## DATA BELOW:
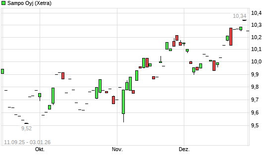 Mit dem Anstieg auf 10,34 EUR hat die Sampo-Aktie (ISIN FI4000552500) am 02.01.2026 ein neues All-Time-High erreicht und damit den Kurs vom 19.12.2025 eingestellt.
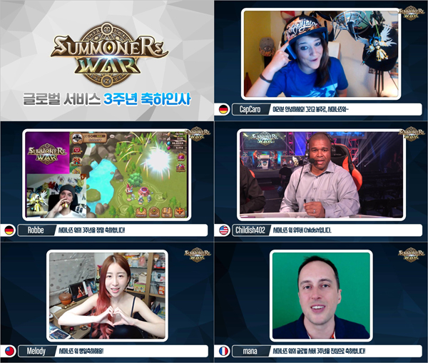 ...유튜브, 트위치 등을 통해 활발히 방송 중인 현지 스트리머와 현지 커뮤니티 운영자 등 각 지역을 대표하는 유명 유저들이 기쁨을 함께 했으며, 최근 미국 현지에서 진행된 e스포츠 대회 해설자들도 ‘서머너즈 워’와 함께 해온 추억과 향후 서비스에 대한 기대를 남겨 눈길을 모았다. 해당
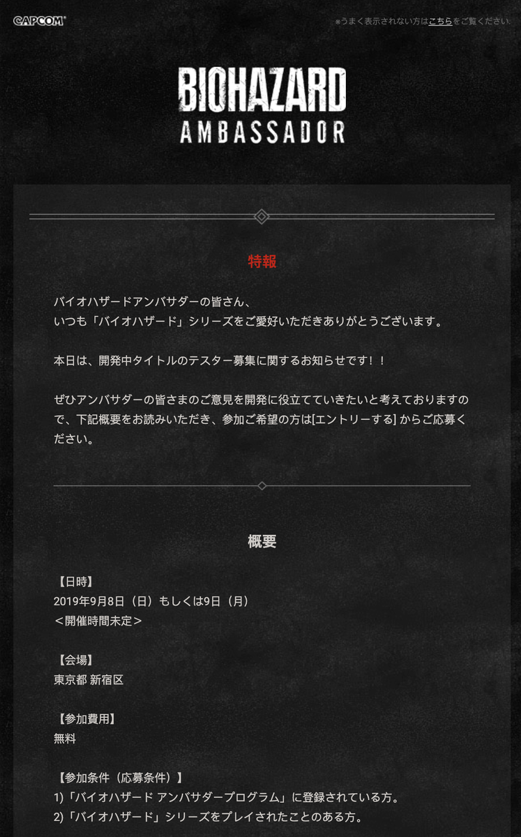 Подразделение Capcom, ответственное за разработку серии «Resident Evil» и «Devil May Cry», разослало электронное письмо для найма представителей «Resident Evil», базирующихся в Японии, в поисках «тестеров игр». Детали очень расплывчаты, но тесты будут проводиться либо 8 сентября, либо 9 сентября. Также указано, что нужно быть послом Resident Evil и человеком, который сыграл серию (в какой степени не указано). Всем представителям Resident Evil, Спасибо за ваше покровительство в отношении серии Resident Evil. Сегодня, мы даем вам знать, что набираем тестеров для игры, которая находится в разработке! Мы заинтересованы в том, чтобы включить отзывы всех представителей в нашу разработку, поэтому, пожалуйста, прочитайте подробности ниже и, если вы заинтересованы в участии, нажмите кнопку входа. В конце июня Capcom провела встречу представителей Resident Evil в Токио. Больше новостей у нас на сайте!
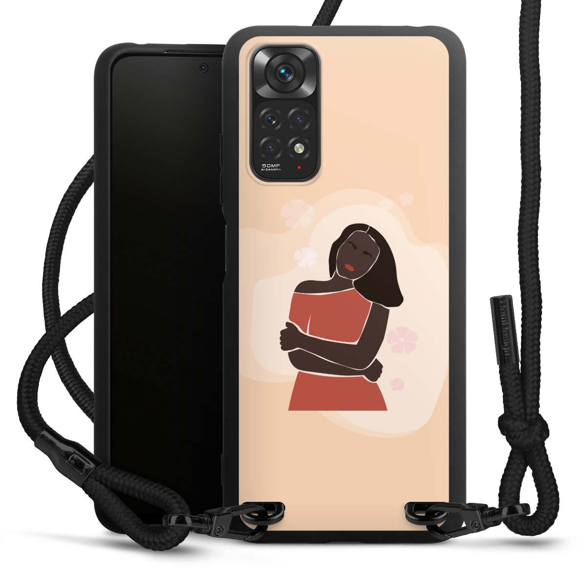 The matt black silicone case is made of flexible TPU (thermoplastic polyurethane) and offers robust protection. The durable, unbreakable material makes the cover flexible and dimensionally stable at the same time. The matte surface makes your design stand out more and is less susceptible to fingerprints and dirt. The stylish trend accessory fits comfortably in the hand and is perfectly complemented by the fabric (polyester) mobile phone strap. The braided fabric strap is approx. 1.70 metres long with a diameter of approx. 0.5 cm. Due to the special knotting technique, the length of the strap can be adjusted by simply pulling it, so that you can adapt it individually to your wishes. The practical case to wear around your neck is available with the fabric strap in black. As a little icing on the cake, we have provided the strap with a chic metal fastener in matt black. The strap is securely fastened to the case with loops made of high-quality genuine leather and press studs. The ends of the fabric strap are covered with metallic end caps and thus protected from fraying.

## ASSIGNMENT:
Please restate the material above line by line, exactly, beginning at its first line and ending with the line that contains "눈길을 모았다. 해당", without any pictures.

## SOLUTION BELOW:
 Mit dem Anstieg auf 10,34 EUR hat die Sampo-Aktie (ISIN FI4000552500) am 02.01.2026 ein neues All-Time-High erreicht und damit den Kurs vom 19.12.2025 eingestellt.
 ...유튜브, 트위치 등을 통해 활발히 방송 중인 현지 스트리머와 현지 커뮤니티 운영자 등 각 지역을 대표하는 유명 유저들이 기쁨을 함께 했으며, 최근 미국 현지에서 진행된 e스포츠 대회 해설자들도 ‘서머너즈 워’와 함께 해온 추억과 향후 서비스에 대한 기대를 남겨 눈길을 모았다. 해당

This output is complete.